◆ **YOUR OBJECTIVE**:
It is required that the lines from the top of the listing through the line with "Het perceel waarop" be reproduced exactly, excluding pictures.
--
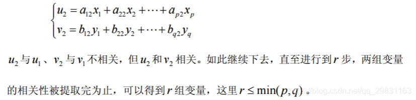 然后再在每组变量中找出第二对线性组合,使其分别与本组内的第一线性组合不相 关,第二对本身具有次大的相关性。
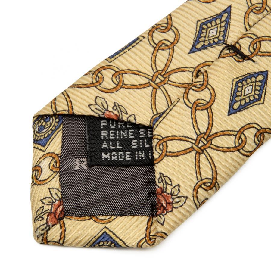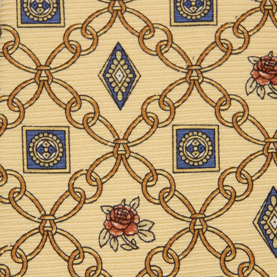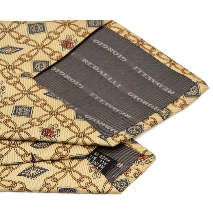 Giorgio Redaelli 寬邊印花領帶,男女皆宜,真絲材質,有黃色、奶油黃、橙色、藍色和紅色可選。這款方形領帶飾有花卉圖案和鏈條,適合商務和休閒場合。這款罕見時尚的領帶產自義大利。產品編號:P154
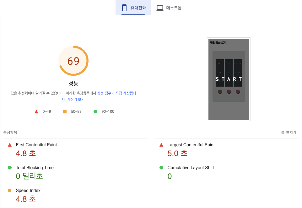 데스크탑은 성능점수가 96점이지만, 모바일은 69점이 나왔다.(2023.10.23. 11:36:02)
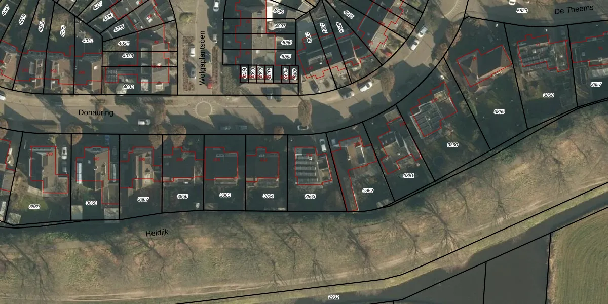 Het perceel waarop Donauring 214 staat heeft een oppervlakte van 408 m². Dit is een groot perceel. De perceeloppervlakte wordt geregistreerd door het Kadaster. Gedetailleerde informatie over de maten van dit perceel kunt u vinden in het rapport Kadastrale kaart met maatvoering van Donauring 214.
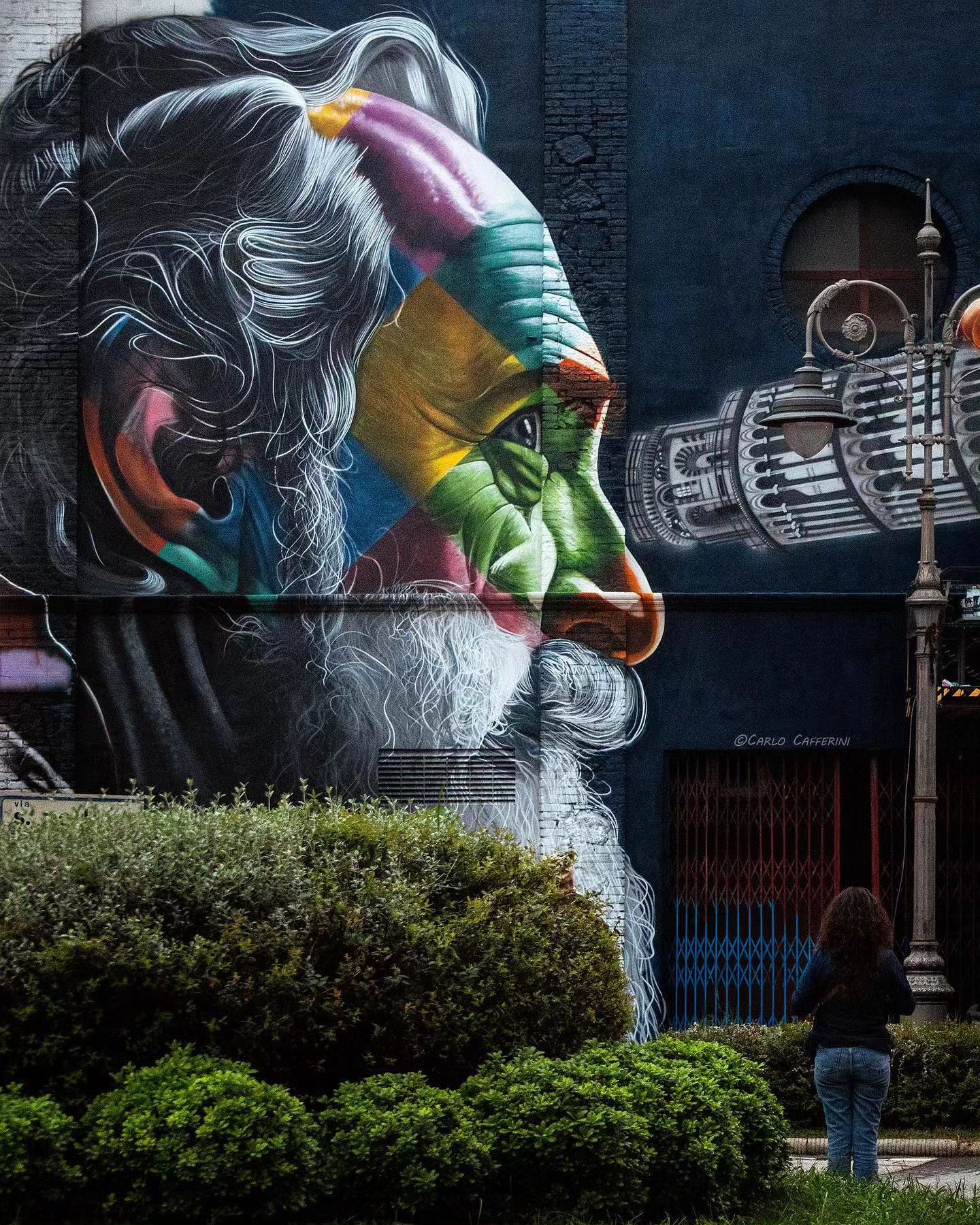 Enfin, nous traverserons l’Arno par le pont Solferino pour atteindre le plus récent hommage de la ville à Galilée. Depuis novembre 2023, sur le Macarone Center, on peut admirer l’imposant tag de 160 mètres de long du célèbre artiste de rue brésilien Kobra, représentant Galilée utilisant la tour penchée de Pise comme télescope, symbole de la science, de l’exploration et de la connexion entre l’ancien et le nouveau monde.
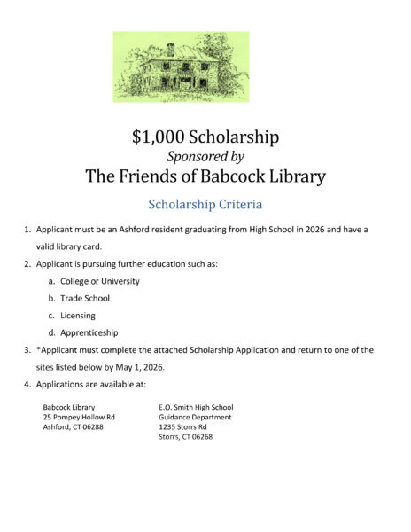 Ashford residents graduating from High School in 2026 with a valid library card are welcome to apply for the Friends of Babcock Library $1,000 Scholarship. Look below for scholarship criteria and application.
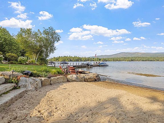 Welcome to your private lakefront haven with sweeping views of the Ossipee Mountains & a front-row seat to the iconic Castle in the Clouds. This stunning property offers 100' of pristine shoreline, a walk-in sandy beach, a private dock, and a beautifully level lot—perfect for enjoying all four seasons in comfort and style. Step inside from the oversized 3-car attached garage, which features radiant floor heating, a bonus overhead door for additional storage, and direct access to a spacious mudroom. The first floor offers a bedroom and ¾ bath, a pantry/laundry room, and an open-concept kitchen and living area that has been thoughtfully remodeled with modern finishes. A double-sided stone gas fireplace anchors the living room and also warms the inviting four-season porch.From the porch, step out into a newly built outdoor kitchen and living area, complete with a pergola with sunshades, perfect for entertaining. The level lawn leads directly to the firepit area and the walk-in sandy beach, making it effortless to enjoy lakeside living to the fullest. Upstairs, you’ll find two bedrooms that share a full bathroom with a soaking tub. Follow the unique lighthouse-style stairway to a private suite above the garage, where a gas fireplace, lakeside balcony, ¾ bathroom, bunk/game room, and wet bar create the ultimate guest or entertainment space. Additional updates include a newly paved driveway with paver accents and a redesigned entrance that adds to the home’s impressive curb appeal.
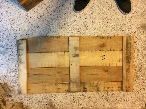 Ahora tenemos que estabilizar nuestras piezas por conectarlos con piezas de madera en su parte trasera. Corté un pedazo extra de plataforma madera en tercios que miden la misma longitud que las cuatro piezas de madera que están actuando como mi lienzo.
--
◆ **TASK RESULT**:
 然后再在每组变量中找出第二对线性组合,使其分别与本组内的第一线性组合不相 关,第二对本身具有次大的相关性。
 Giorgio Redaelli 寬邊印花領帶,男女皆宜,真絲材質,有黃色、奶油黃、橙色、藍色和紅色可選。這款方形領帶飾有花卉圖案和鏈條,適合商務和休閒場合。這款罕見時尚的領帶產自義大利。產品編號:P154
 데스크탑은 성능점수가 96점이지만, 모바일은 69점이 나왔다.(2023.10.23. 11:36:02)
 Het perceel waarop Donauring 214 staat heeft een oppervlakte van 408 m². Dit is een groot perceel. De perceeloppervlakte wordt geregistreerd door het Kadaster. Gedetailleerde informatie over de maten van dit perceel kunt u vinden in het rapport Kadastrale kaart met maatvoering van Donauring 214.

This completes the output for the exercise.